BTBRIDGED] Successfully wrote 12 of 12 bytes to /dev/bt-host bt_host_write: 0x000256F0,15,15, 0x00027BB8 [BTBRIDGED] Successfully wrote 12 of 12 bytes to /dev/bt-host bt_host_write: 0x000257D8,15,15, 0x00027BB8 [BTBRIDGED] Successfully wrote 12 of 12 bytes to /dev/bt-host bt_host_write: 0x000257D8,16,16, 0x00027BB8 [BTBRIDGED] Successfully wrote 12 of 12 bytes to /dev/bt-host bt_host_write: 0x00026870,16,16, 0x00027BB8 [BTBRIDGED] Successfully wrote 12 of 12 bytes to /dev/bt-host bt_host_write: 0x00026870,17,17, 0x000255B8 [BTBRIDGED] Successfully wrote 12 of 12 bytes to /dev/bt-host bt_host_write: 0x00027CF8,17,17, 0x000255B8 [BTBRIDGED] Successfully wrote 12 of 12 bytes to /dev/bt-host

jk-ozlabs commented 8 years ago

@cyrilbur-ibm , could you check this out?

cyrilbur-ibm commented 8 years ago

@nkskjames, but that shouldn't cause a double free, when btbridge receives a request it enqueues onto the end of its list, so it will have a list which might look like: [x]->[y]->[z] then say it receives another message with a sequence number z (which I'll identify as z') so: [x]->[y]->[z]->[z'] Anyone who does a lookup for z should get reference for z and from there they'll deal with it and dequeue it, next time around a reference for z would get z' and the same thing would happen.

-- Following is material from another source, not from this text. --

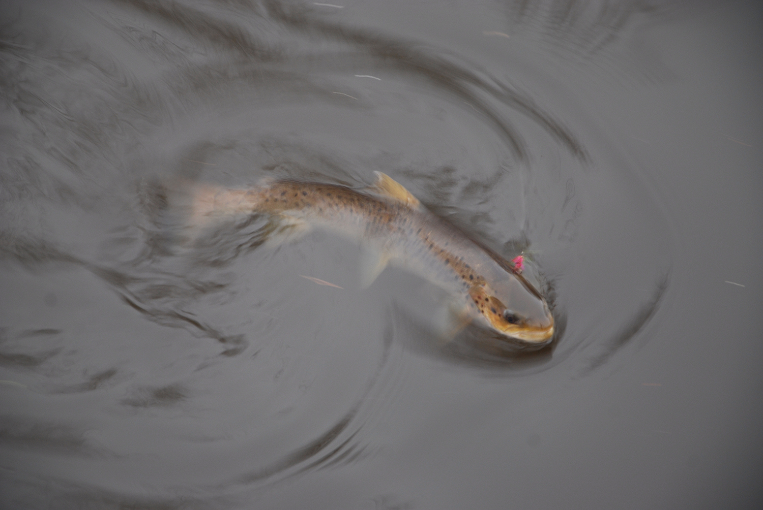 Vandstanden var klart til den lave side, men alle de høller og kendte pladser blev forsøgt. Jeg havde fisket så længe, at det kom som en overraskelse, da en livlig fisk endelig tog min lille lyserøde reje. Det var slank, men fin nedgænger på 50-55 cm. og da den modhageløse flue selvfølgelig mistede sit greb, da ørreden lå i nettet, var dagens eneste fisk tilbage i vandet i løbet af 10 sekunder.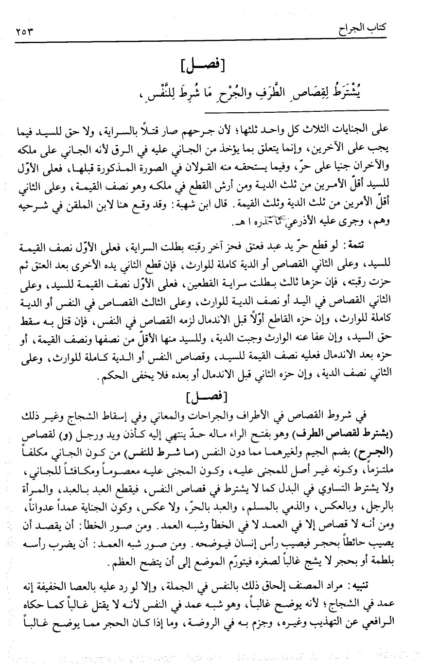 (فَصْلٌ) فِي شُرُوطِ الْقِصَاصِ فِي الْأَطْرَافِ وَالْجِرَاحَاتِ وَالْمَعَانِي وَفِي إسْقَاطِ الشِّجَاجِ وَغَيْرِ ذَلِكَ (يُشْتَرَطُ لِقِصَاصِ الطَّرَفِ) وَهُوَ بِفَتْحِ الرَّاءِ مَا لَهُ حَدٌّ يَنْتَهِي إلَيْهِ كَأُذُنٍ وَيَدٍ وَرِجْلٍ (وَ) لِقِصَاصِ (الْجُرْحِ) بِضَمِّ الْجِيمِ وَلِغَيْرِهِمَا مِمَّا دُونَ النَّفْسِ (مَا شُرِطَ لِلنَّفْسِ) مِنْ كَوْنِ الْجَانِي مُكَلَّفًا مُلْتَزِمًا، وَكَوْنِهِ غَيْرَ أَصْلٍ لِلْمَجْنِيِّ عَلَيْهِ، وَكَوْنِ الْمَجْنِيِّ عَلَيْهِ مَعْصُومًا وَمُكَافِئًا لِلْجَانِي، وَلَا يُشْتَرَطُ التَّسَاوِي فِي الْبَدَلِ كَمَا لَا يُشْتَرَطُ فِي قِصَاصِ النَّفْسِ، فَيُقْطَعُ الْعَبْدُ بِالْعَبْدِ، وَالْمَرْأَةُ بِالرَّجُلِ، وَبِالْعَكْسِ، وَالذِّمِّيُّ بِالْمُسْلِمِ، وَالْعَبْدُ بِالْحُرِّ، وَلَا عَكْسَ، وَكَوْنِ الْجِنَايَةِ عَمْدًا عُدْوَانًا، وَمِنْ أَنَّهُ لَا قِصَاصَ إلَّا فِي الْعَمْدِ لَا فِي الْخَطَأِ وَشِبْهِ الْعَمْدِ. وَمِنْ صُوَرِ الْخَطَأِ: أَنْ يَقْصِدَ أَنْ يُصِيبَ حَائِطًا بِحَجَرٍ فَيُصِيبَ رَأْسَ إنْسَانٍ فَيُوضِحَهُ. وَمِنْ صُوَرِ شِبْهِ الْعَمْدِ: أَنْ يَضْرِبَ رَأْسَهُ بِلَطْمَةٍ أَوْ بِحَجَرٍ لَا يَشُجُّ غَالِبًا لِصِغَرِهِ فَيَتَوَرَّمَ الْمَوْضِعُ إلَى أَنْ يَتَّضِحَ الْعَظْمُ.

I HAVE found a bug in bt_q_drop()!

Could you test with: https://github.com/cyrilbur-ibm/btbridge/tree/issues_10 ? Thanks!

nkskjames commented 8 years ago

I have rebooted about 200 times and no crashes. I then put old code on to make sure it still crashes. It does. So problem solved. Please do pull request. Thanks!!